Table 1 Comparison of the expected time complexity for Algorithm 1

Second, we consider another variant where the tame set is fixed and the wild set is varying. The intuition about this variant is as follows. The average running time of the Gaudry–Schost algorithm is badly affected by the cases where the solution to the DLP instance is near the edges of the tame set. These instances lead to the worst case running time. So the idea of Sect. 4 of the paper is to study a variant that increases the proportion of instances where the algorithm behaves like the best case, and reduces the proportion of instances that are “edge" cases. Taking a very small wild set allows to do this. Specifically, the size of the wild set is set to be \(\alpha N\), where \(0<\alpha \le 1\) is a constant. And the average complexity under certain heuristic assumptions is \(((3-2\sqrt{2})\alpha +1)\sqrt{\pi N}\). Taking \(\alpha \) close to zero (and large enough N that the boundary effects do not cause difficulties) leads to an algorithm with running time close to \(\sqrt{\pi N}\). As shown by Galbraith and Holmes [10], one would not expect to beat \(\sqrt{\pi N}\) using an algorithm with two sets (one tame and one wild). The only known way to beat this bound is to use more than 2 types of walk, as was done by Galbraith–Pollard–Ruprai [12] and Bernstein–Lange [1]. Hence the algorithm in the paper should be essentially optimal for any algorithm based on two sets and without using inversion in the group.

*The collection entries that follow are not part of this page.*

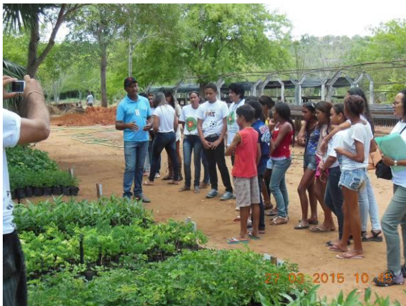
Foto 47 - Visita do Instituto Plano de Ação Socioambiental - PAS ao Viveiro Florestal Xingó.

Na oportunidade, os visitantes conheceram também algumas áreas degradadas em trabalhos de recuperação no entorno da UHE de Xingó proporcionando uma atividade prática de plantio de espécies nativa no local conforme o registro fotográfico a seguir (Foto 47 até a Foto 50).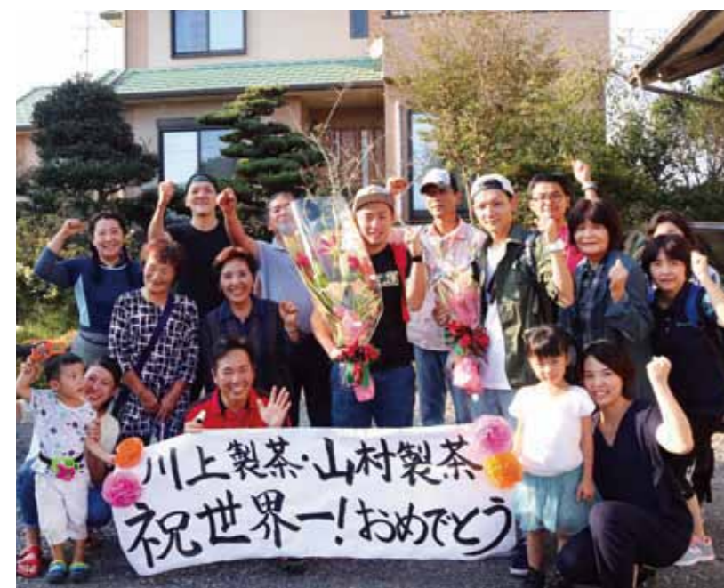
シンガポールから帰村後、チーム相良がサプライズでお出迎え

この自分から動く意識がチーム相良に浸透していき、グランプリを通じて出会った、全国の事業者と積極的にコンタクトをとるようになってきました。この「出会い」は大きな魅力の1つ。各分野のプロの知識を吸収し、自分の商品に磨きをかけていく。その一つ一つが相良村の宝物として、相良ブランドをつくりあげていくのではないのでしょうか。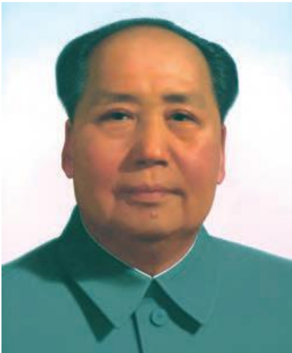
مائو، بنیان گذار جمهوری خلق چین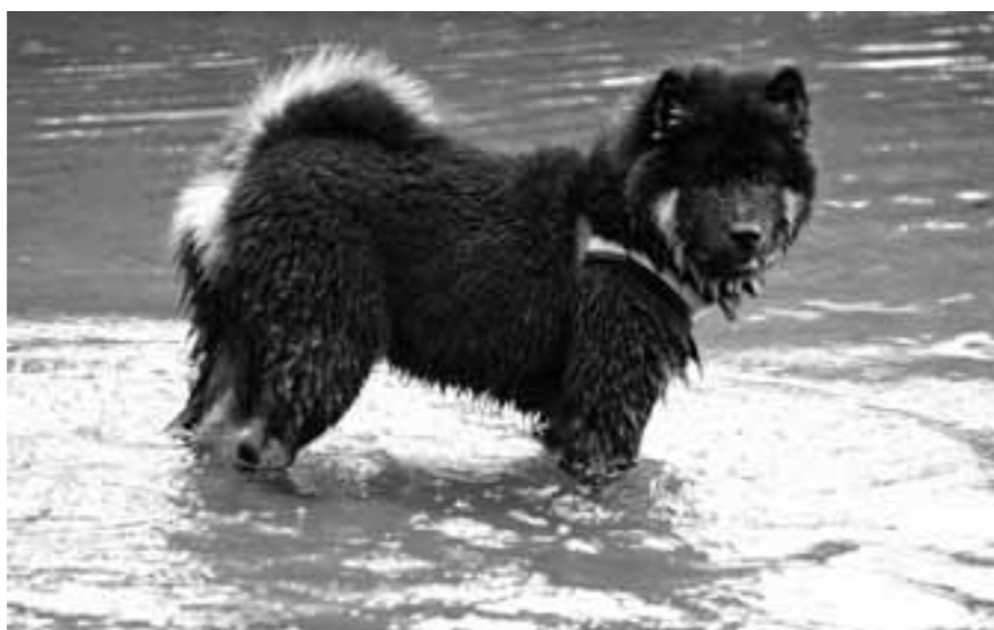
Essmania's Gandia har tagit sig ett rejält dopp!

Efter en kort promenad så att hundarna skulle lära känna varandra lite så stannade vi vid den stora badplatsen, där de som kunde ha sina hundar lösa fick släppa dem och de fick leka med varandra, några passade också på att bada (och rulla sig och gnugga in sanden ordentligt!). Vi satte fart på en brasa och en del grillade korv medan andra stoppade i sig mackor, kakor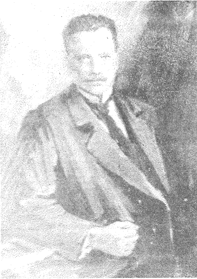
24. DECEMBRI PAIET 115 GADI KOPŠ FRANCA KEMPA DZIMŠANAS.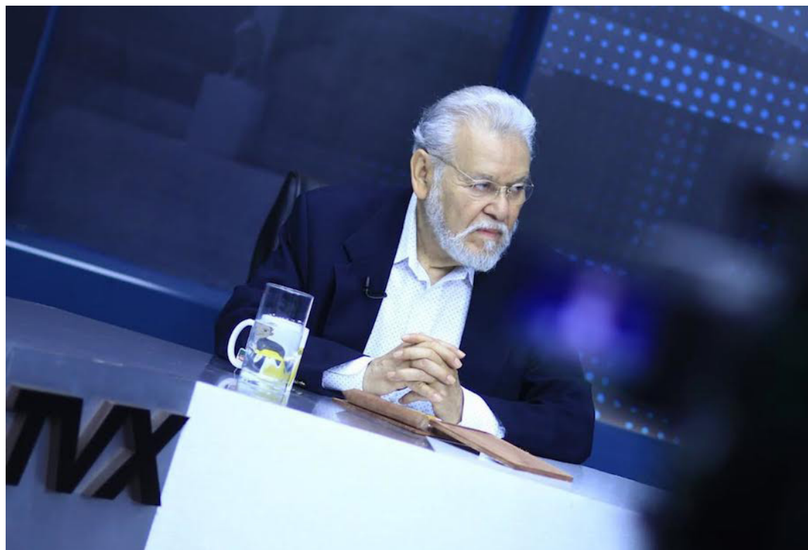
Carlos Vela en su visita a El Salvador participa en medios de comunicación, para analizar la situación política nacional.

“No podemos estar pensando por todas las leyes y programas que tiene el Gobierno, eso es lo que hay que derrotar. No es fácil pero sí se puede hacer. Esas propues-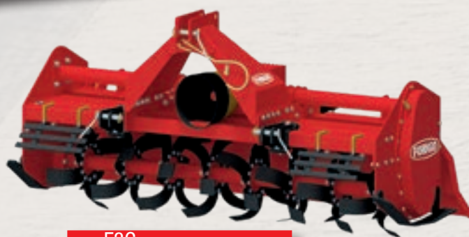
Serie F3C HP 40÷65 | cm 22 kW 30÷48 | inch 9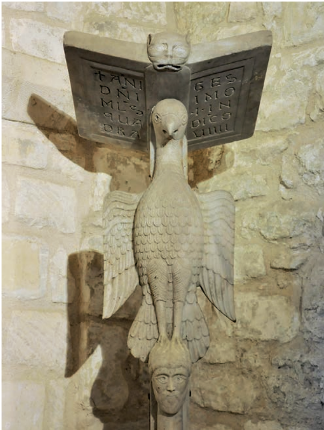
Fig. 6. Monte Sant'Angelo (FG, Italie), Museo lapidario e museo devozionale del Santuario di San Michele, lettore di pulpito dello scultore Acceptus (1041)

In definitiva, le tre miniature analizzate illustrano alcuni dei processi di creazione iconografica delle miniature della Bibbia di Stefano Harding. Vere e proprie opere esegetiche, le immagini assegnano una molteplicità di significati al testo biblico. Proprio come i commentari biblici medievali, esse invitano a oltrepassare il livello letterale, provocano la diffrazione 32 di senso di un episodio e invitano l'osservatore a penetrare intellettualmente le scene rappresentate. E' quindi naturale chiedersi se le immagini possano fornire delle interpretazioni secondo i quattro sensi della Scrittura, quali essi erano teorizzati dagli autori medievali.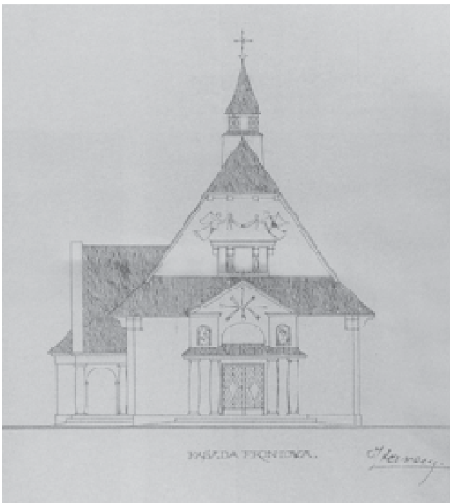
Рис. 1. Костел Матері Божої Неустанної Помочі на Левандівці. Арх. Генрик Заремба. 1921 р. [3]

наріжний камінь під храм. Того самого року, за проектом архітектора Зигмунта Крикевича, на кошти капуцинської провінції монахи побудували першу дерев'яну однонавну каплицю, яку освятили під титулом святого Франціска Асізкого [5]. Вже у 1909 р. вперше починають порушувати питання розширення монастирського комплексу та перебудови каплиці у мурованому вигляді. Повторно до цього питання повертаються лише на початку 1920 років. Для опрацювання проекту запрошено відомого тогочасного архітектора Яна Кароля Саса-Зубрицького – випускника та викладача Львівської політехніки [6]. Роботу над проектом завершено у 1921 р. Автор приділив особливу увагу стилю будівлі, що для нього, як патріота “національних стилів” закономірно. Найприйнятнішими для нього були ремінісценції польського (зигмунтовського) Ренесансу та надвіслянської готики, що асоціювались з добою розквіту держави та її незалежністю. Після затвердження проекту, у 1925 році, і закладання фундаменту та освячення наріжного каменя, розпочинають зводити мурований костел. У 1927 році, за проектом того самого Я. Саса-Зубрицького, з південного боку костелу починають прибудовувати монастирські келії. Проте все ще не задоволені проектом капуцини попросили внести свої корективи і сюди, що і зробив керівник будівельних робіт Франциск Квецінський. 5 листопада 1930 року Львівський латинський архієпископ Болеслав Твардовський освятив новозбудований храм під тим самим титулом костелу святого Франціска Асізкого [7] (рис. 2).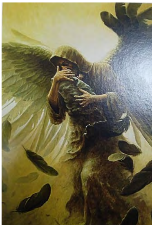
Рис. 10 - Людина, яку я поважаю

Обґрунтування респондента: це я намагаюсь відкриватись людям, відчуваю себе вразливою і не комфортно.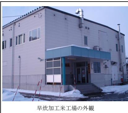
早炊加工米工場の外観

稲作は福島県からエコファーマーとして認定されており、環境に優しい農業に努めています。製造工程ではHASSAPに準拠した品質管理、衛生管理を徹底し、第三者機関による検査の実施や金属検出器やX線検査器の導入で異物除去にも注意を払っています。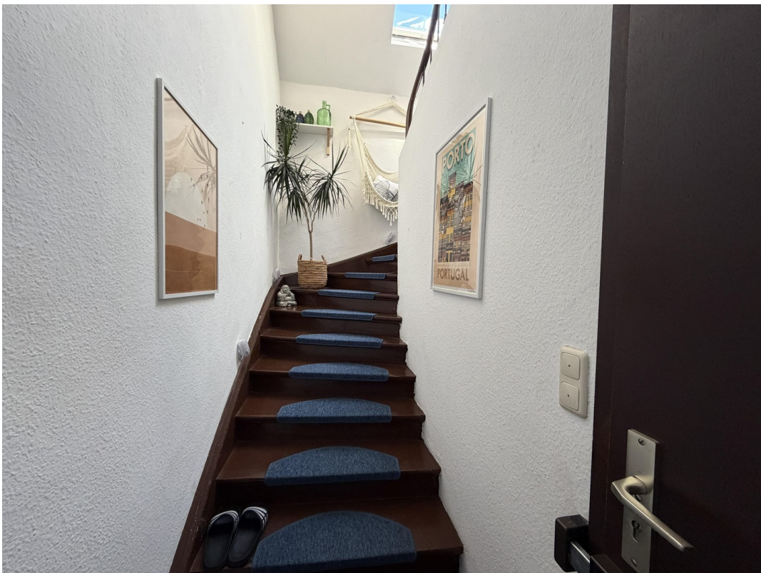
Eingangsbereich zur Wohnung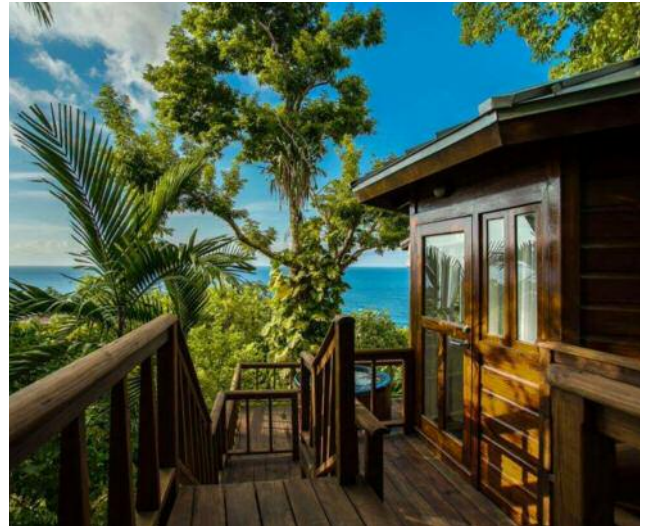
Das Meer und der nächste Strand ist auf Jamaika nie weit entfernt.

Weiter geht die Fahrt nach Kingston. In der lebendigen Hauptstadt gibt es einiges zu sehen. Reggae-Fans ist die Hauptstadt Jamaikas natürlich ein Begriff.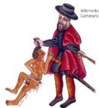
Lord Kingsborough (1836). "Indígena maltratado por un encomendero". En Códice Kingsborough.

En la encomienda los indígenas fueron considerados súbditos de la Corona, y como tal, debían pagar tributos. Este sistema de trabajo consistía en la entrega de indígenas (encomendados) a un español (encomendero). El encomendero podía emplearlos como mano de obra y a cambio debía educarlos, protegerlos y evangelizarlos, pero como ya sabes el sistema dio pasos a abusos.

The comparison of expected time complexity is summarized in Table 2.

Table 2 Comparison of the expected time complexity for Algorithm 2

In summary, the variants of this work perform better for higher dimensional case in average case. Note that the algorithm of [12] is still the-state-of-art in the 1-dimensional case.

Paper organization The rest of the paper is organized as follows. In Sect. 2, we briefly recall the Gaudry–Schost algorithm and the Galbraith–Ruprai algorithm. In Sect. 3, we describe our first improvement which adjusts both the tame and wild sets. In Sect. 4, we propose another improvement that keeps the tame region and adjusts the wild region. In Sect. 5, we conclude the paper.

2 Preliminary

Denote [0, N] the set of \(\{0,\ldots ,N\}\), and \(\# A\) the number of the set A.

2.1 The Gaudry–Schost algorithm

The basic idea of the Gaudry–Schost algorithm [14] is as follows. There are two subsets of the group, one is called “tame set” and the other is called “wild set”. The algorithm runs pseudorandom walks alternatively in these two sets. Once a collision of walks between two different types is found, the discrete logarithm problem instance is solved. To reduce the space overhead, the algorithm uses the distinguished points which are stored in an easy-searched structure such as a binary tree.

In the original Gaudry–Schost algorithm, the tame set and wild set are defined as follows.

Definition 2

Let the notation be as the Definition 1 and assume that \( h = g_1^{a_1}g_2^{a_2}\ldots g_d^{a_d}\). Define the tame set T and the wild set W.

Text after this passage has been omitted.